2. McClymer & Knoles 1992. Ersatz Learning, Inauthentic Testing.

3. Check out my own attempt at an introductory cell and molecular biology course, biofundamentals (described here: Klymkowsky et al., 2016. The design and transformation of Biofundamentals: a non-survey introductory evolutionary and molecular biology course. Life Science Education). It’s open source, i.e. free.

4. e.g: Klymkowsky. 2023. Rethinking (again) Hardy-Weinberg and genetic drift in undergraduate biology (pdf).

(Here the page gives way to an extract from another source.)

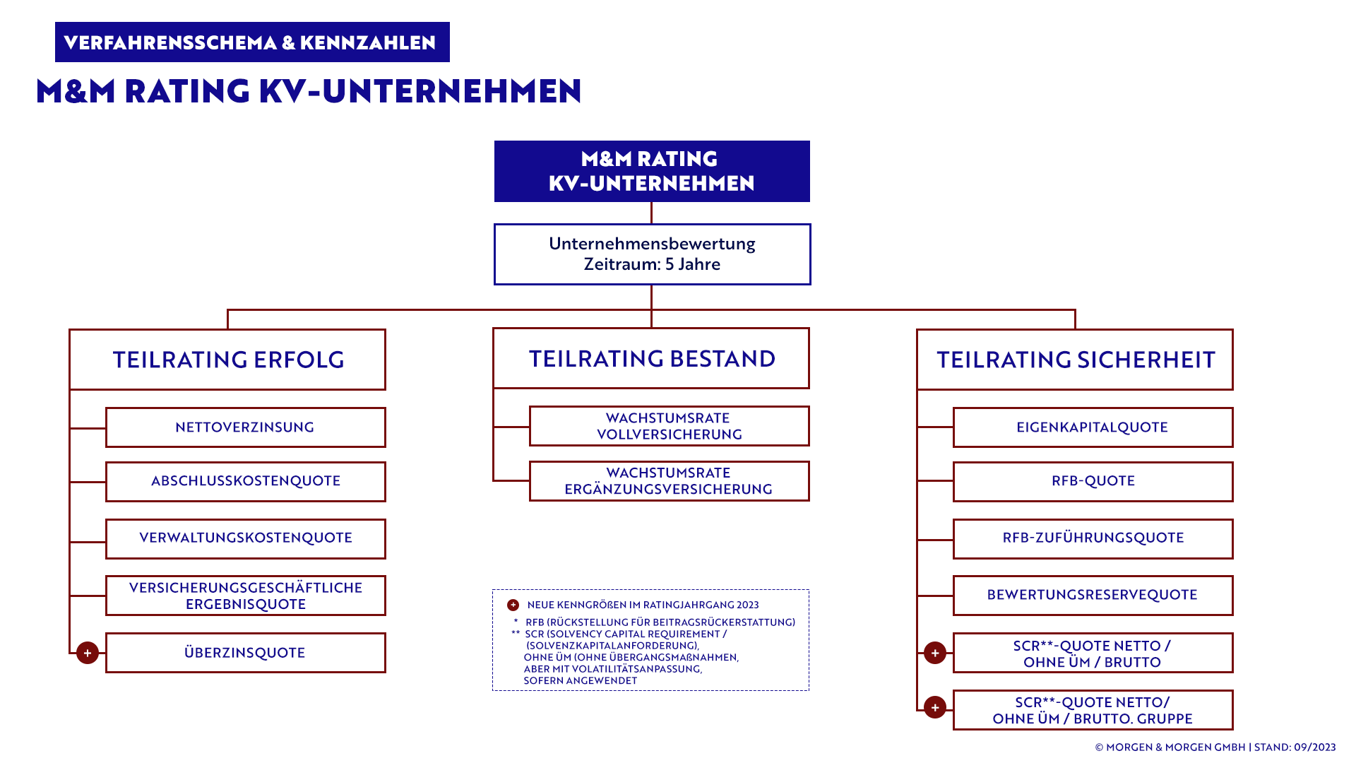 Als unabhängiges Analysehaus entwickelt MORGEN & MORGEN seine Ratings stets entsprechend der aktuellen Marktgegebenheiten und Beratungsbedarfe weiter. Aus diesem Grund hat das M&M Rating KV-Unternehmen in diesem Jahr eine Umstrukturierung erfahren. Das Gesamtrating setzt sich nun – analog zum bereits aktualisierten M&M Rating LV-Unternehmen – aus drei weiteren Teilratings zusammen: Erfolg, Sicherheit und Bestand. Neue Ratingbestandteile sind dabei die Solvency II-Kennzahlen im Teilrating Sicherheit sowie die Überzinsquote für das Teilrating Erfolg. Das ermöglicht ergänzend zu dem Gesamtblick auf das Unternehmen einen Einblick in die wesentlichen Kennzahlen.

Frontiers of Genetics

5. A longish talk (onYouTube) “Coping with the Noisy Nature of Life in Teaching“

6. Honegger & de Bivort. 2017. Stochasticity, individuality and behavior.

7. As an example, see Kolata 2013. Mice Fall Short as Test Subjects for Some of Humans’ Deadly Ills. New York Times.  

8. Klymkowsky, 2021. Making mechanistic sense: are we teaching students what they need to know? (pdf) Dev. Biol. 476: 308-313.